Book Review
Faith & Learning
Higher Education
Lutheran Identity

Richard T. Hughes: How Christian Faith Can Sustain the Life of the Mind

Intersections No. 13 · Winter 2002

Richard T. Hughes, How Christian Faith Can Sustain the Life of the Mind. Eerdmans Publishing, Grand Rapids, MI; 2001.

Richard Hughes’ book addresses a number of vital and engaging questions, questions about pedagogy, about the difference between preaching and teaching, about the place of tragedy and death in the learning/teaching context, etc. But the main thrust of the book is to argue that the Christian faith is not only compatible with an open pursuit of the truth, but that faith is a means to such a pursuit, that faith can sustain the life of the mind. Hughes begins, I think rightly, by addressing what he calls a “stereotypical assumption” about faith; that it is dogmatic, close-minded and inclined to thinking of teaching as indoctrination. I think Hughes would have done well to talk more about the sources of this stereotype and why, in spite of many of our best efforts, it is so common. I frequently hear people talk about our Lutheran institutions saying things like this: “They are faith-based, but surprisingly open to diverse points of view.” “They require religion courses, but don’t try to convert you to a particular religious point of view.” “They have chapel, but don’t require attendance, and they actually encourage people to practice their own religions even when they are not Christians.” The unspoken text of all such comments is “Contrary to normal expectation here are religious people and institutions that are open-minded, questioning, and who create an open, non-coercive space for learning. Certainly they can’t be very serious about their faith claims!”

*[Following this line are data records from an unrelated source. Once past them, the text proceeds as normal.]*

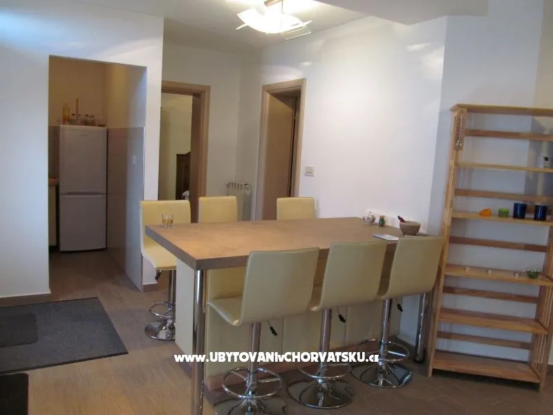 Budynek otoczony jest spokojem i śródziemnomorską roślinnością. Z tarasu roztacza się piękny widok na morze. Sam budynek położony jest w lesie sosnowym, 300 metrów od plaży i morza. W cenę apartamentu wliczona jest pościel, ręczniki, podatek turystyczny, naczynia, parking, pralka, zmywarka, wi-fi, klimatyzacja - wszystko jest wliczone w cenę.
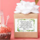 El pegatina cristiano de escritura inspiradora cita el marco de un trébol verde con un pájaro y flores azules simples. Presenta una parte de las Bestias, la famosa enseñanza de Jesús del Sermón del Monte, la Biblia Verse Mateo 5:11-12, "Bendito eres cuando la gente te insulta, te persigue y falsamente te dice todo tipo de maldad contra ti por mi culpa. Alégrate y contenta, porque gran es tu recompensa en el cielo".
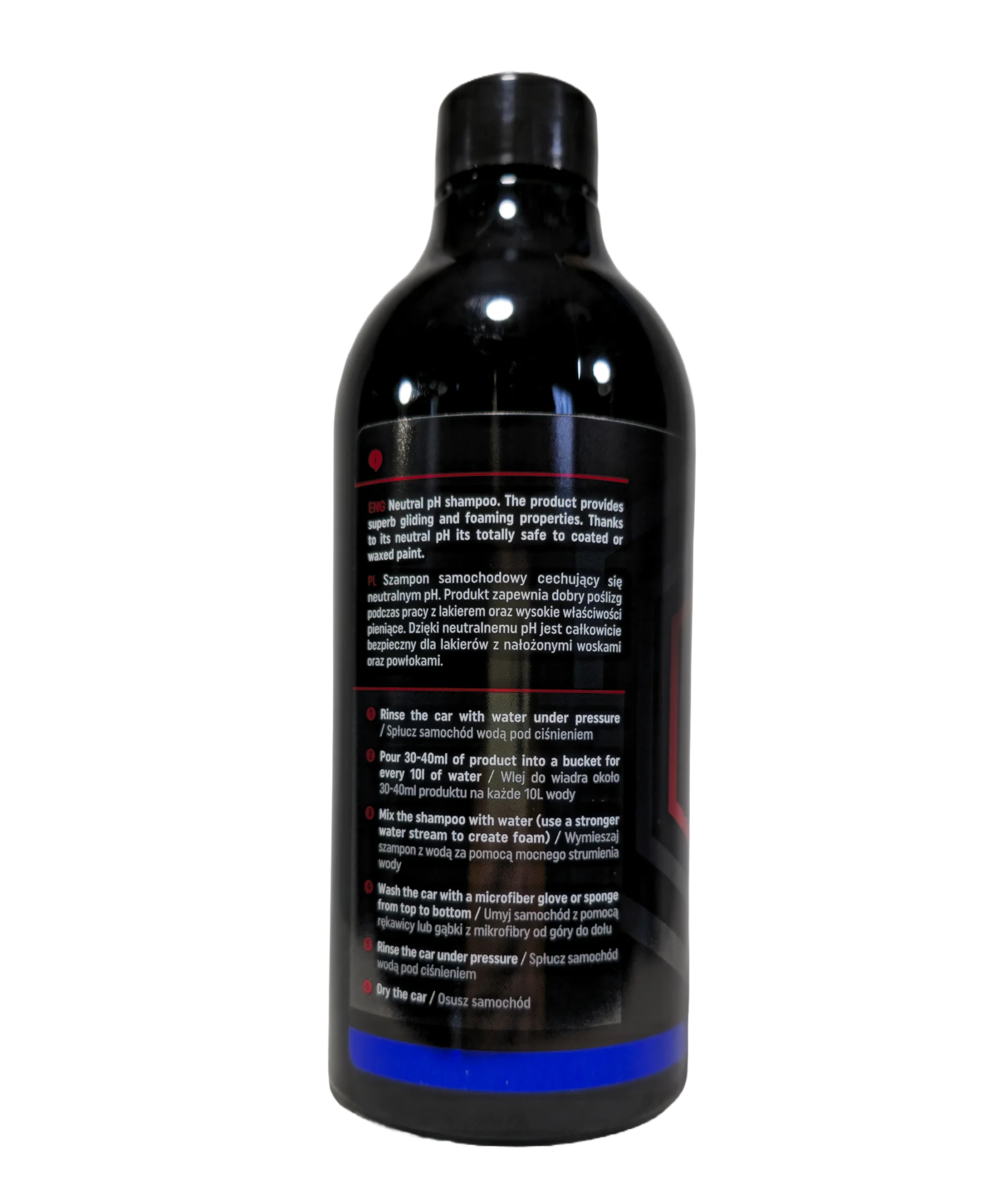 Czysty szampon o neutralnym pH – bez dodatków, bezpieczny dla powłok i wosków. Skuteczne i delikatne mycie auta na co dzień.

Hughes locates this requisite openness in what, quoting Tillich, he identifies as “religion breaking through its own particularity.” Using as example, the Bible, Hughes explains:

The Bible points us not to itself, but rather to the infinite God whose understanding no human being can fathom and who stands in judgement on all our claims that somehow we have captured ultimate truth. …. Can the Bible, viewed in these terms, sustain the life of the mind? It can indeed, for if the Bible points beyond itself to the infinite God, we have no choice but to search for truth. …when we view ourselves in relation to God, we understand how abysmally ignorant we really are. [34-35]

For Lutherans, of course, this should not be a new argument. How else, we might ask, should a tradition grounded in reformation, i.e. in an act of faithful criticism, be related to the truth? How else should the call “semper reformanda” be understood if not as the claim that all our forms and formulations are in need of continual critique and rethinking? Yet Lutherans have been dogmatic and close-minded. Luther himself, at the same time that he plead for an open hearing and debate of his views, condemned most unsympathetically the views of many of his contemporaries including fellow reformers. So this temptation, to argue from the absoluteness of God to the absoluteness of our own view of God, is not just something that has beset others.

Hughes raises the issue whether openness and a commitment to hearing a diversity of voices doesn’t lead to relativism. He asserts that it does not, that we needn’t end up accepting every view on the grounds of universal toleration, but he does not map out that border territory very clearly. Perhaps another chapter was needed, one in which he could explain or model the difference between a commitment to an absolute truth that transcends (and relativizes?) all human truths, and a post-modern abandonment of the idea of truth altogether. Even better, it would be interesting to have seen what the difference would be between the community of discourse in two institutions focused on these differing paradigms. My guess is that most Lutheran institutions currently find themselves navigating that border, and not the border between affirmation and dogmatism, that may be more focal in other traditions.

While Hughes does not just address institutions like ours, he does raise issues which we need to be talking about. At the November meeting of academic officers of North American Lutheran colleges and universities, Hughes’ book was the one most frequently cited. So we know that such conversation has already begun, and we hope that it will continue and be broadened.